TASK DETAILS:
Your task is to copy the listing exactly, with the pictures left out.

DATA:
>>>>

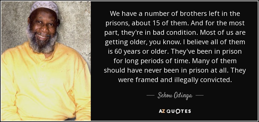 We have a number of brothers left in the prisons, about 15 of them. And for the most part, they're in bad condition. Most of us are getting older, you know. I believe all of them is 60 years or older. They've been in prison for long periods of time. Many of them should have never been in prison at all. They were framed and illegally convicted.
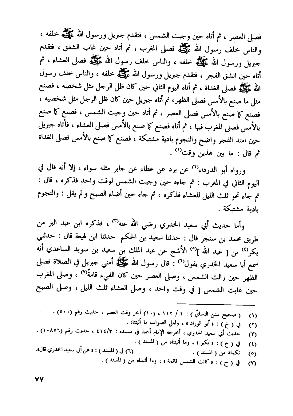 وأما حديث أبي سعيد الخدريّ رضي اللَّه عنه [ (3) ] ، فذكره ابن عبد البر من طريق محمد بن سنجر قال: حدثنا سعيد بن الحكم حدثنا ابن لهيعة قال: حدثني بكر [ (4) ] بن [عبد اللَّه] [ (5) ] الأشج عن عبد الملك بن سعيد بن سويد الساعدي أنه سمع أبا سعيد الخدريّ يقول [ (6) ] : قال رسول اللَّه صلّى اللَّه عليه وسلّم أمني جبريل في الصلاة فصلّى الظهر حين زالت الشمس، وصلّى العصر حين كان الفيء قامة [ (7) ] ، وصلّى المغرب حين غابت الشمس [في وقت واحد، وصل العشاء ثلث الليل، وصلّى الصبح
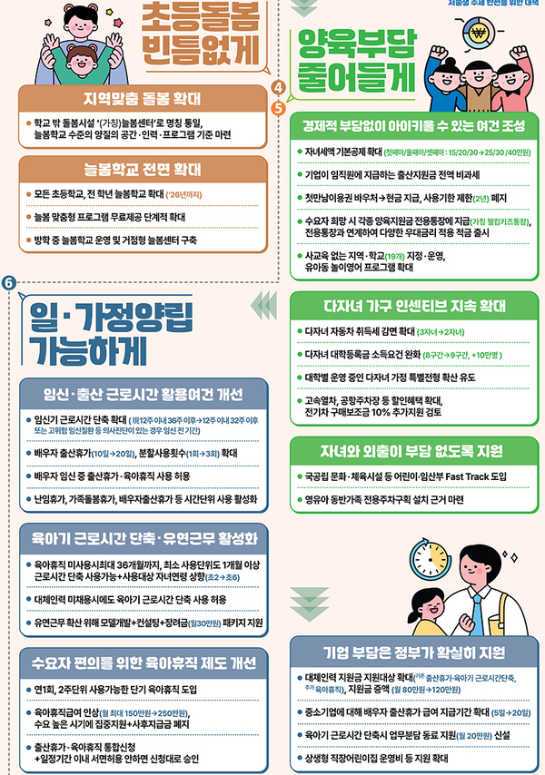 정부는 이번 대책을 통해 저출생의 직접적 원인이 되는 일·가정 양립, 양육, 주거 등 3대 핵심분야에 초점을 맞춰 집중 지원하기로 했다.

<<<<

RESPONSE:
 We have a number of brothers left in the prisons, about 15 of them. And for the most part, they're in bad condition. Most of us are getting older, you know. I believe all of them is 60 years or older. They've been in prison for long periods of time. Many of them should have never been in prison at all. They were framed and illegally convicted.
 وأما حديث أبي سعيد الخدريّ رضي اللَّه عنه [ (3) ] ، فذكره ابن عبد البر من طريق محمد بن سنجر قال: حدثنا سعيد بن الحكم حدثنا ابن لهيعة قال: حدثني بكر [ (4) ] بن [عبد اللَّه] [ (5) ] الأشج عن عبد الملك بن سعيد بن سويد الساعدي أنه سمع أبا سعيد الخدريّ يقول [ (6) ] : قال رسول اللَّه صلّى اللَّه عليه وسلّم أمني جبريل في الصلاة فصلّى الظهر حين زالت الشمس، وصلّى العصر حين كان الفيء قامة [ (7) ] ، وصلّى المغرب حين غابت الشمس [في وقت واحد، وصل العشاء ثلث الليل، وصلّى الصبح
 정부는 이번 대책을 통해 저출생의 직접적 원인이 되는 일·가정 양립, 양육, 주거 등 3대 핵심분야에 초점을 맞춰 집중 지원하기로 했다.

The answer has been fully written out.